Hi, I’m fundamentally not understanding something.
This is the grammar point なくて | Japanese Grammar SRS which I think I understand.
I don’t understand part of this sentence
部屋が暖かくなくて全然寝れません。
The question wants you to augment [暖かい]
It says the correct way to do this is 暖かくなくて.
My question is why is い becoming く. Why doesn’t い become き?
What am I not understanding here, why does it change vowels?
Hey @Superpnut !
When conjugating い-adjectives into their negative form, the い gets dropped and is replaced with a く. This might be useful!
Hi, can anyone explain why this is wrong?
During the lesson, it said that the answer is も “Tanaka-san is also famous”, but to me as a new person to grammar, it seems like it should also make a lot of sense as “Tanaka-san is famous”.
I didn’t use the hint to show that it wanted “both”.
I suppose my question is, how are you supposed to know that this is "も” during a lesson without using a hint when は also seems correct too. It seems impossible unless there is a trick I’m missing.
Should we not have something to say someone else is famous first, so that we can know to use “も”.
E.g.
Lewby: Alice is famous
Bob: What about Tanaka-san?
Lewby: Tanaka-san is also famous.
But I think I was only shown 田中さん_有名です。so there is no way to know it’s “also” rather than は.

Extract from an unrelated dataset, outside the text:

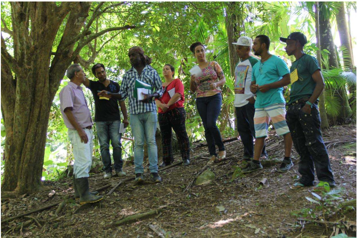
Figura 18. Grupo de trabalho em visita de campo.

Take this with a big grain of salt because I’m lower intermediate myself and not super confident in my particle knowledge, but I think は here, if anything, implies the opposite because it has a contrastive function. It’s more like Tanaka (as opposed to whoever was discussed before) is famous.
But either way, there is no:
Because we’re given the sentence in a vacuum, so I think without more context it could be が、は or も.

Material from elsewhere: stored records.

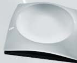
PLATO CUADRADO CON BASE SQUARE PLATE + WOODEN STAND CVPTB21 (21x21 cm.) CVPTB26 (26x26 cm.) CVPTB30 (30x30 cm.)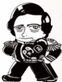
マスコットキャラクター ペリーくん

休館日／日曜日・月曜日・祝日・年末年始 ※11月25日(土)休館 開館時間／午前9時～午後4時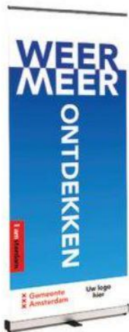
Roll up banner 85 x 200 cm vanaf 30,- per stuk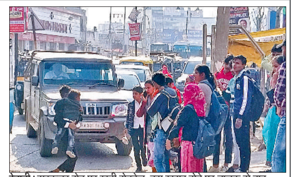
रेवाड़ी। सरकुलर रोड पर खड़ी रोडवेज, बस खराब होने पर चालक से बात करते हुए परिचालक।

करीब एक किलोमीटर का सफर तय करने के बाद ही खराब हो गई। दूसरी बस आने तक लोगों को सड़क पर काफी देर तक इंतजार कराना पड़ा।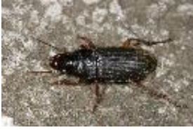
Behaarter Schnellläufer - Pseudoophonus (Pseudoophonus) rufipes (De Geer, 1774), Männchen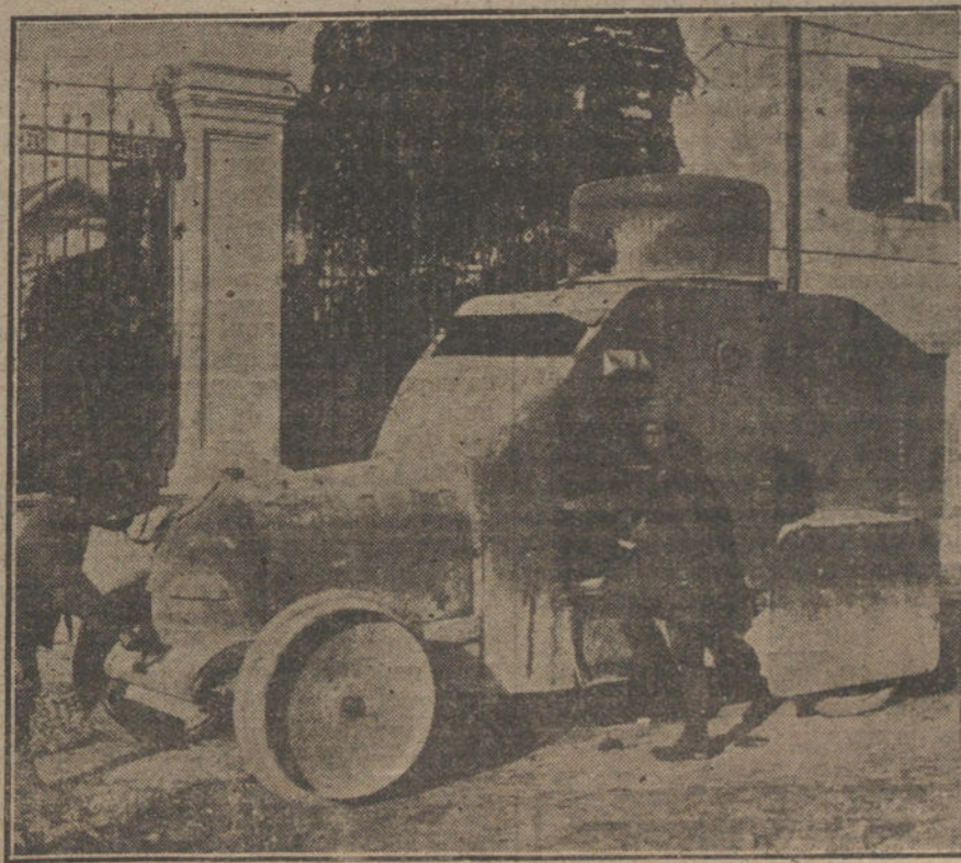
DESPUES DEL ARMISTICIO.—Uno de los tanques italianos, cogidos por los austriacos durante la campaña, y que habrá de ser devuelto, en virtud del armisticio.

Esperamos que el señor ministro de la Guerra atienda este caso, si cree que es de justicia, siquiera sea para quitar del ánimo toda idea de favoritismo.

If you’re new to grammar, it might be helpful just to have the hints on for the time being. Especially at the lower levels, you’re likely gonna run into things like this a lot, since you’re building on the fundamentals. It does get better the further along you go, at least in my opinion, so it becomes a lot easier to work without the hints.
There is no need to switch! If you just use your keyboard as normal (non-kana mode), bunpro changes the input to kana automatically. I don’t think there is a way to see the answer before you type something in, though.

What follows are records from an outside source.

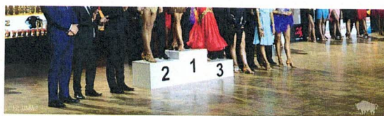
Fotografia 15. XXVII Ogólnopolskiego Turnieju Tańca Towarzystkiego; Patronat Honorowy Starosty Łomżyńskiego; 26 listopada 2023 r., Piątnica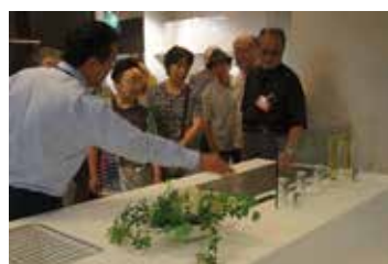
キッチンまわりの説明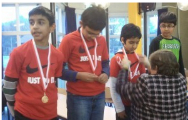
Het team van de Internationale School Eindhoven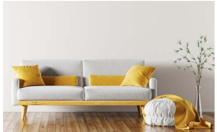
Með því að nota skemil eins og sófaborð öðlast hann tvöfalt notagildi.

Ef þú ert með myndavegg skaltu byrja að raða myndunum alveg upp við loftið og vinna þig skipulega niður. Þannig virkar hærra til lofts. Það má líka blekkja augað með því að hafa sófa sem er stillt upp við vegg með lágu baki. Einnig þannig virkar hærra til lofts.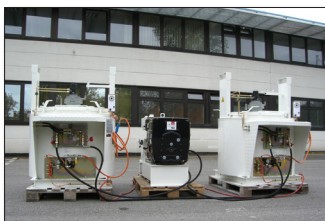
② ID100 Unidad de caldera + estación energética compacta y transportable - sin juntas que estén en contacto con el material - alto par de giro del agitador hidráulico - sólo con quemador de gas propano, estación energética de 3,1 kW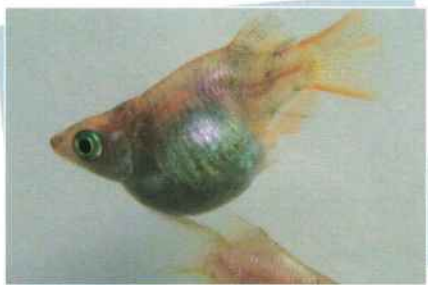
白斑ホタルダルマ ¥3,000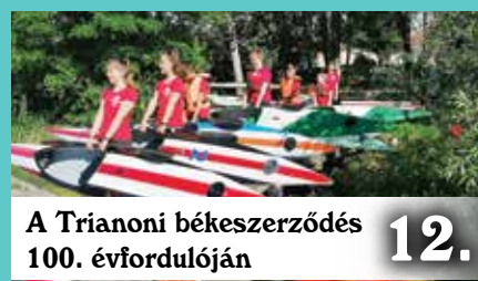
A Trianoni békeszerződés 100. évfordulóján

“Hints” are a misnomer in Bunpro. They are often required to determine what the question is asking you to say. In general, you’ll find lots of grammatically correct ways you can fill in blanks that are not what the question is asking, and therefore will be marked wrong.
In this case, the question specifically was requiring you to convey “also”, which is why も works and は doesn’t.
On the flip side, once you learn several ways to express a similar concept, I’ve found Bunpro to be extremely good about not marking alternatives wrong. Instead it will provide an extra message to direct you to the answer, or else it may just count your alternative answer correct.
Personally, I keep hints off so I can try to understand the sentence on my own. After reading the sentence but before answering, I click to show the hint so that I know what it wants.
So nope, you’re not missing anything here. “Hints” should probably be renamed to “prompts” or something like that since they are absolutely required for disambiguation in many cases.
Yeah I wanted to answer without hints because the word “hints” implies I’m struggling or need “extra-support” which definitely has a negative feeling to it.
But it is required to use them to get these sorts of questions correct I guess. So I guess I’ll use them then!
Hi, I’m wondering how to make the “hide furigana based on Wanikani progress” feature work. Just choosing the relevant options in settings doesn’t seem to do anything.
I’m not super sure because it was a long time ago. BUT I think you need to make a new API code you can’t just use an old one and it requires the correct permissions. Could be wrong but I kind of remember needing to do something like that.
Is there a quick way to reset vocab reviews or do I have to do it one by one?
Thank you for replying:)
I did generate a new API code for Bunpro, but I can’t see why it would require anything more than the standard “read” permissions. Do you remember which other permissions should be included?